*** Opening INPUT ***
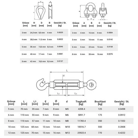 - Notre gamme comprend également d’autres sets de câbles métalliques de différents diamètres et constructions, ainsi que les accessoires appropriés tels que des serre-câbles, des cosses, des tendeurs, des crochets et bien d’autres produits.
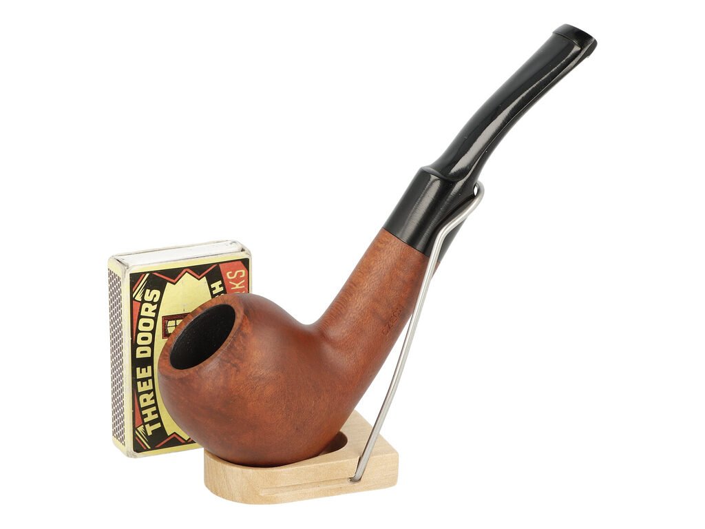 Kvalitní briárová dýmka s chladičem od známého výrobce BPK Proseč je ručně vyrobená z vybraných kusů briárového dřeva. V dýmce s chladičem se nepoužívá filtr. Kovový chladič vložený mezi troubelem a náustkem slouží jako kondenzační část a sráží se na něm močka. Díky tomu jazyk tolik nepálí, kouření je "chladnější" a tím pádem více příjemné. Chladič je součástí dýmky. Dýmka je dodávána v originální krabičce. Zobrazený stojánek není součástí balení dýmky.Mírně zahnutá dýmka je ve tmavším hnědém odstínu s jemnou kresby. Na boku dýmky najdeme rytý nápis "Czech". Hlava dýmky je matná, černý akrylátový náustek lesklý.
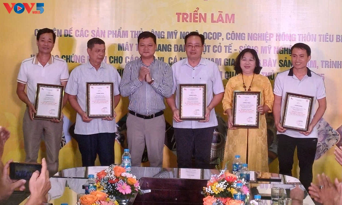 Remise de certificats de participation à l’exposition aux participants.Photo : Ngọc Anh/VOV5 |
*** Closing INPUT ***
*** Opening INPUT ***
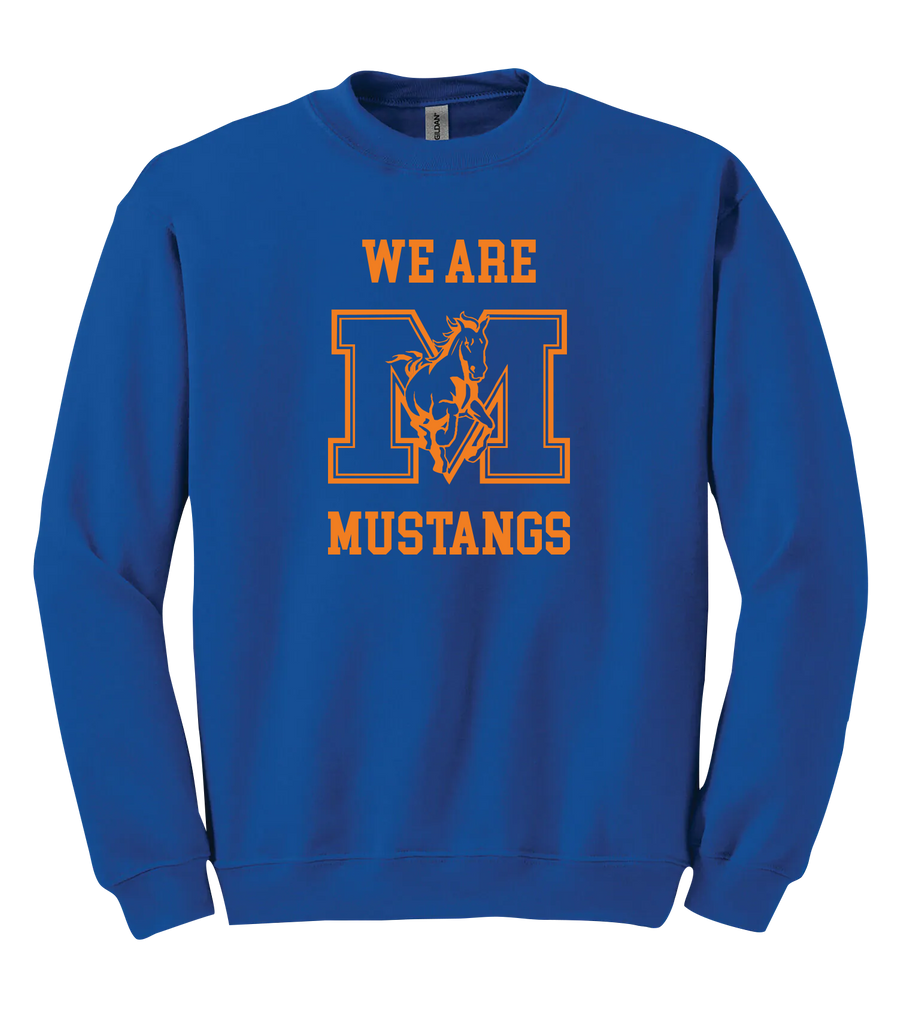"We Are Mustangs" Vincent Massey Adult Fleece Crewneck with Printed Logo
*** Closing INPUT ***
## WORK INSTRUCTIONS
Above are entries with pictures among them. Write out exactly the lines from the one containing "- Notre gamme" through the one containing "Remise de certificats", ends included, and leave those pictures out.

## WRITTEN RESPONSE
 - Notre gamme comprend également d’autres sets de câbles métalliques de différents diamètres et constructions, ainsi que les accessoires appropriés tels que des serre-câbles, des cosses, des tendeurs, des crochets et bien d’autres produits.
 Kvalitní briárová dýmka s chladičem od známého výrobce BPK Proseč je ručně vyrobená z vybraných kusů briárového dřeva. V dýmce s chladičem se nepoužívá filtr. Kovový chladič vložený mezi troubelem a náustkem slouží jako kondenzační část a sráží se na něm močka. Díky tomu jazyk tolik nepálí, kouření je "chladnější" a tím pádem více příjemné. Chladič je součástí dýmky. Dýmka je dodávána v originální krabičce. Zobrazený stojánek není součástí balení dýmky.Mírně zahnutá dýmka je ve tmavším hnědém odstínu s jemnou kresby. Na boku dýmky najdeme rytý nápis "Czech". Hlava dýmky je matná, černý akrylátový náustek lesklý.
 Remise de certificats de participation à l’exposition aux participants.Photo : Ngọc Anh/VOV5 |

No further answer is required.